Balkan Mathematical Olympiad Shortlist

Denote $S=(a_1-a_2{)}^2+(a_3-a_4{)}^2+\cdots +(a_{2n-1}-a_{2n}{)}^2$. We have $$\begin{array}{rl}S& =\sum _{i=1}^{2n}{i}^2-2(a_1{a}_2+a_3{a}_4+\cdots +a_{2n-1}{a}_{2n})\\ & =\frac{n(2n+1)(4n+1)}{3}-2(a_1{a}_2+a_3{a}_4+\cdots +a_{2n-1}{a}_{2n}).\end{array}$$ Next, observe that for each $j=1,2,\dots ,n$, one of the numbers $a_{2j-1},a_{2j}$ is greater than $n$, and the other is at most $n$. Indeed, suppose $a_{2j-1},a_{2j}\le n$. Then $a_1<a_3<\cdots <a_{2j-1}\le n$ and $a_{2n}<a_{2n-2}<\cdots <a_{2j}\le n$, yielding $j+(n-j+1)=n+1$ distinct positive integers not exceeding $n$, a contradiction. The case $a_{2j-1},a_{2j}>n$ is handled similarly.

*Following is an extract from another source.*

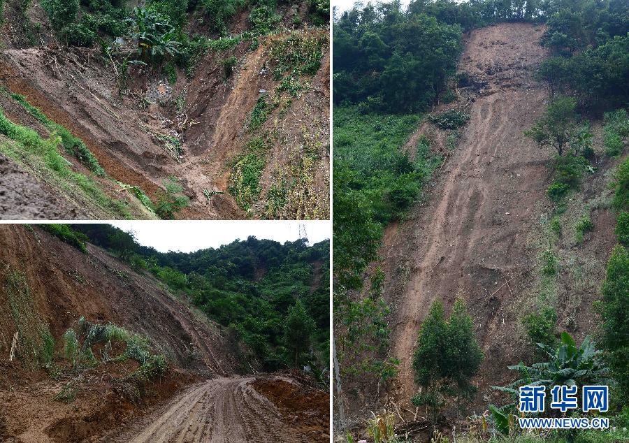 拼版图:左上图是广西百色市右江区阳圩镇达江村一处塌方的溪沟(9月13日摄);左下图是广西百色市右江区阳圩镇达江村一处塌方的路段(9月13日摄);右图是广西百色市右江区阳圩镇达江村一处塌方的山坡(9月13日摄)。当日凌晨,广西百色市右江区遭遇大暴雨袭击。据百色市右江区气象局消息,最大降雨量达217毫米。暴雨导致多个乡镇山洪暴发,部分沿河农田受淹、被毁,尤其是阳圩镇达江片区的达江、布林、孟沙等9个行政村,因大暴雨袭击造成各条乡村公路多处塌方、交通中断,多个村庄停电断水,洪泥冲入民房等。暴雨过后,当地政府和有关部门立即组织力量投入抢险救灾工作,受灾群众也积极开展生产生活自救。新华社发(韦万忠 摄)

It follows that $a_1{a}_2+a_3{a}_4+\cdots +a_{2n-1}{a}_{2n}$ has form $1\cdot b_1+2\cdot b_2+\cdots +n\cdot b_n$, where $b_1,b_2,\dots ,b_n$ is some permutation of $n+1,n+2,\dots ,2n$. But it is known that such an expression will be maximal if and only if $b_1<b_2<\cdots <b_n$. Therefore, $$a_1{a}_2+a_3{a}_4+\cdots +a_{2n-1}{a}_{2n}\le 1(n+1)+2(n+2)+\cdots +n\cdot 2n=n\cdot \frac{n(n+1)}{2}+\frac{n(n+1)(2n+1)}{6}.(2)$$ From (1) and (2), we find $$S\ge \frac{n(2n+1)(4n+1)}{3}-n^2(n+1)-\frac{n(n+1)(2n+1)}{3}=n^3.(3)$$ By the above arguments, for equality to hold, there would have to exist indices $i,j,k$ (since $n\ge 3$) such that $\{a_{2i-1},a_{2i}\}=\{1,n+1\}$, $\{a_{2j-1},a_{2j}\}=\{2,n+2\}$ and $\{a_{2k-1},a_{2k}\}=\{3,n+3\}$. It is easy to check that this is impossible, given the assumptions on the permutation $a_1,a_2,\dots ,a_{2n}$. Therefore, equality cannot hold in (3) and $S>n^3$.